START Source data

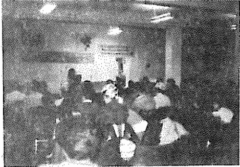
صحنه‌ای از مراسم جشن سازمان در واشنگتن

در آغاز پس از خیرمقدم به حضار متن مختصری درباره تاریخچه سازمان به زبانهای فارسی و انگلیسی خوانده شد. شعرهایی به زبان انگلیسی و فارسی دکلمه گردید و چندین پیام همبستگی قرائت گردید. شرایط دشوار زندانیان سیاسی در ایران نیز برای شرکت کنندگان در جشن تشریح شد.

END Source data
START Source data

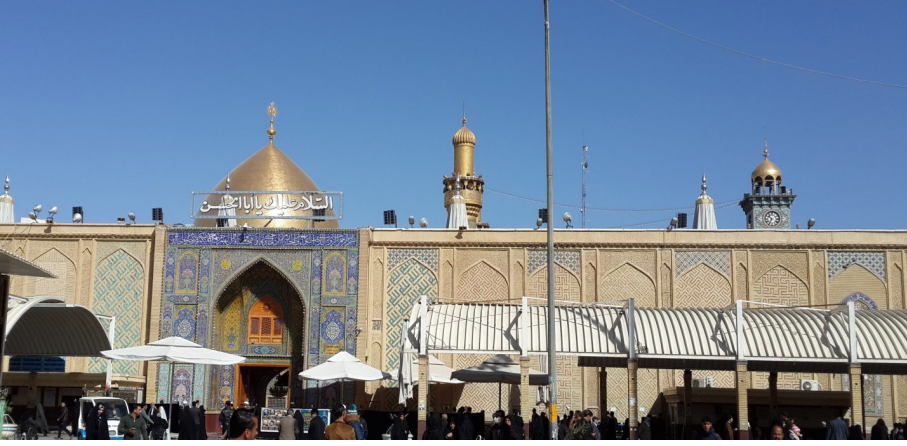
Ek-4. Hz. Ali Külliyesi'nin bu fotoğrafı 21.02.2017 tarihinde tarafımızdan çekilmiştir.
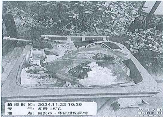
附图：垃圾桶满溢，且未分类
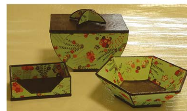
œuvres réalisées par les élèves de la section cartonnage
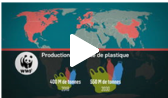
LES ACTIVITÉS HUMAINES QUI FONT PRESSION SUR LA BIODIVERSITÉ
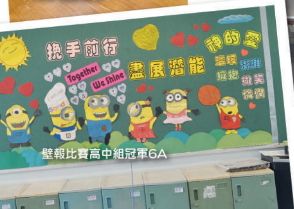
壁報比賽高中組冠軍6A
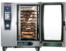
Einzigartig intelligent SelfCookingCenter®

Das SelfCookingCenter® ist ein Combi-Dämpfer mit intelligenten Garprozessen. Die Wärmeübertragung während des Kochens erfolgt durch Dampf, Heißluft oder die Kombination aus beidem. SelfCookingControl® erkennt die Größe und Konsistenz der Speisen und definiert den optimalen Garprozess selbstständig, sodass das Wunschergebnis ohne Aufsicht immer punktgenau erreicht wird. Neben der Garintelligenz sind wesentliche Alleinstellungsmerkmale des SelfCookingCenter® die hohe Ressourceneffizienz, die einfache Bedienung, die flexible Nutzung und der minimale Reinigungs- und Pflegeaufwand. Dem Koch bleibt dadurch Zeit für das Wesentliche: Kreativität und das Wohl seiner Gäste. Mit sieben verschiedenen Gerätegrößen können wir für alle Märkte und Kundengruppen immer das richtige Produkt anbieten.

END Source data

#### [Work to be completed]
A single number is expected: how many lines in the entries above hold the word "سازمان".

#### [Result for this task]
2